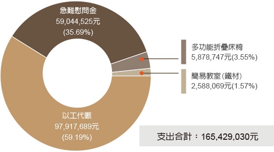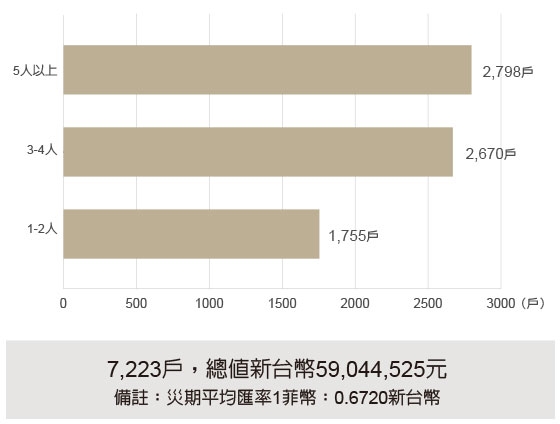 依據家中口數而援助不同金額 金額訂定:經與當地政府商討並應災民所需所制定 發放對象:由市政府提供名單並協助製作名冊 |
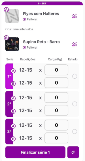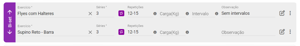 Superséries (bi-set, tri-set e super-set)No exercício, em Três pontinhos > Bi/Tri/Super-set você pode criar exercícios conjugados, quando a execução dos exercícios será com séries alternadas. No exemplo abaixo, criamos um Bi-set de "Supino Reto - Halter" e "Crucifixo - Halter".
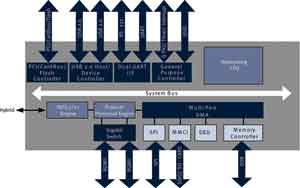 集成式千兆位以太網(wǎng)交換機可很好地配合網(wǎng)絡(luò)處理器,允許不同橋接和路由服務(wù)靈活組合,而不會不恰當?shù)卦黾討?yīng)用CPU的負擔。兩個 USB 2.0 接口為所有通用外設(shè)提供了連接的便利性。隨著媒體格式的數(shù)字化,最終用戶需要管理的文件數(shù)量和容量均大幅增加。集成的千兆位以太網(wǎng)交換機和通過WLAN實現(xiàn)的150Mb/s 以上的數(shù)據(jù)傳輸速率為此提供了最佳支持。如圖3所示,其他快速接口還包括:帶DMA支持的SPI、雙UART(包括 RS-232)和PCI接口。
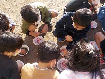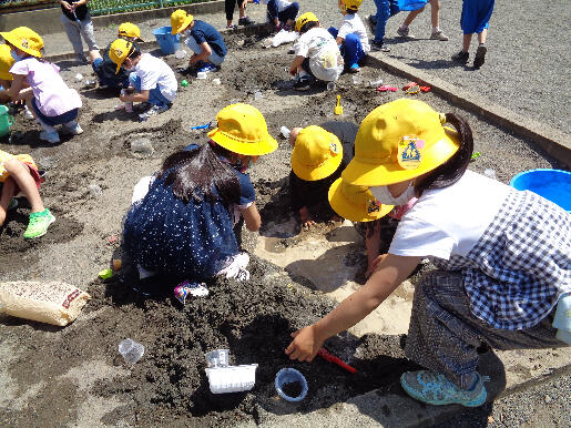 「もう少し深く掘らなきゃかな。」自分で考えながら植える様子が頼もしかったです。
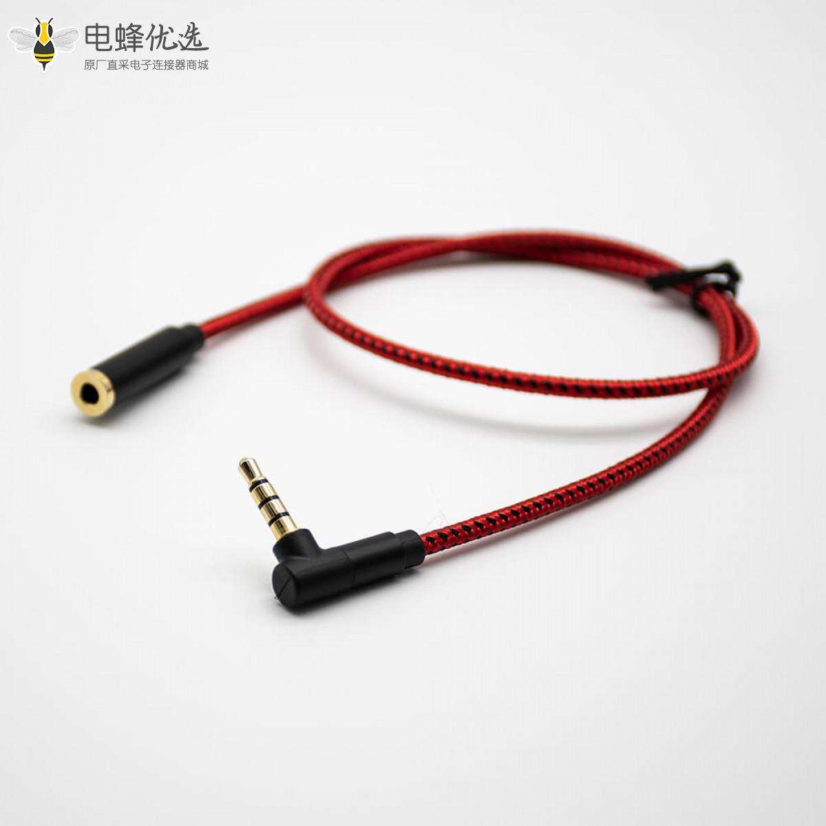 4极,耳机镀金插头,弯公,直母,0.5米,红色,音频延长线;
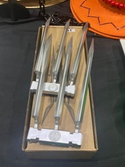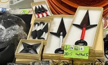 - Metal or wooden blades, whether sharp or blunt, including but not limited to swords, axes, kunai, throwing stars, ice skates, and knives of any kind; This includes “ninja swords”, which are prohibited under Ronan’s Law (2025) and may not be sold, displayed, or offered even as collectibles.
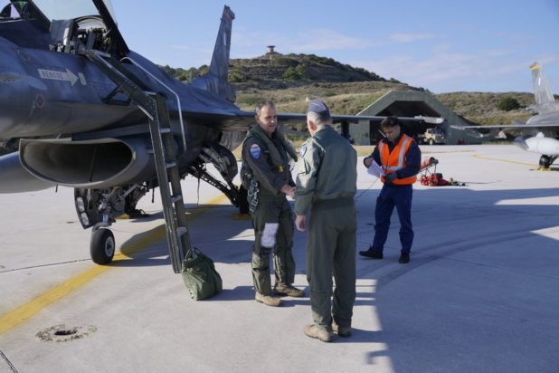 Πετώντας με ένα F-16, ο Αρχηγός ΓΕΑ, Αντιπτέραρχος Θεμιστοκλής Μπορολιάς, έφθασε στην Σκύρο, απ’ όπου καθημερινά απογειώνονται για εποπτεία του εναέριου χώρου τα «γεράκια» της Πολεμικής μας Αεροπορίας.
....................
Task objective: Find the line containing "Superséries (bi-set, tri-set" in the listing above. Restate it and every line after it, word for word, through the final line, leaving out the pictures.

Result for this exercise:
 Superséries (bi-set, tri-set e super-set)No exercício, em Três pontinhos > Bi/Tri/Super-set você pode criar exercícios conjugados, quando a execução dos exercícios será com séries alternadas. No exemplo abaixo, criamos um Bi-set de "Supino Reto - Halter" e "Crucifixo - Halter".
 集成式千兆位以太網(wǎng)交換機可很好地配合網(wǎng)絡(luò)處理器,允許不同橋接和路由服務(wù)靈活組合,而不會不恰當?shù)卦黾討?yīng)用CPU的負擔。兩個 USB 2.0 接口為所有通用外設(shè)提供了連接的便利性。隨著媒體格式的數(shù)字化,最終用戶需要管理的文件數(shù)量和容量均大幅增加。集成的千兆位以太網(wǎng)交換機和通過WLAN實現(xiàn)的150Mb/s 以上的數(shù)據(jù)傳輸速率為此提供了最佳支持。如圖3所示,其他快速接口還包括:帶DMA支持的SPI、雙UART(包括 RS-232)和PCI接口。
 「もう少し深く掘らなきゃかな。」自分で考えながら植える様子が頼もしかったです。
 4极,耳机镀金插头,弯公,直母,0.5米,红色,音频延长线;
 - Metal or wooden blades, whether sharp or blunt, including but not limited to swords, axes, kunai, throwing stars, ice skates, and knives of any kind; This includes “ninja swords”, which are prohibited under Ronan’s Law (2025) and may not be sold, displayed, or offered even as collectibles.
 Πετώντας με ένα F-16, ο Αρχηγός ΓΕΑ, Αντιπτέραρχος Θεμιστοκλής Μπορολιάς, έφθασε στην Σκύρο, απ’ όπου καθημερινά απογειώνονται για εποπτεία του εναέριου χώρου τα «γεράκια» της Πολεμικής μας Αεροπορίας.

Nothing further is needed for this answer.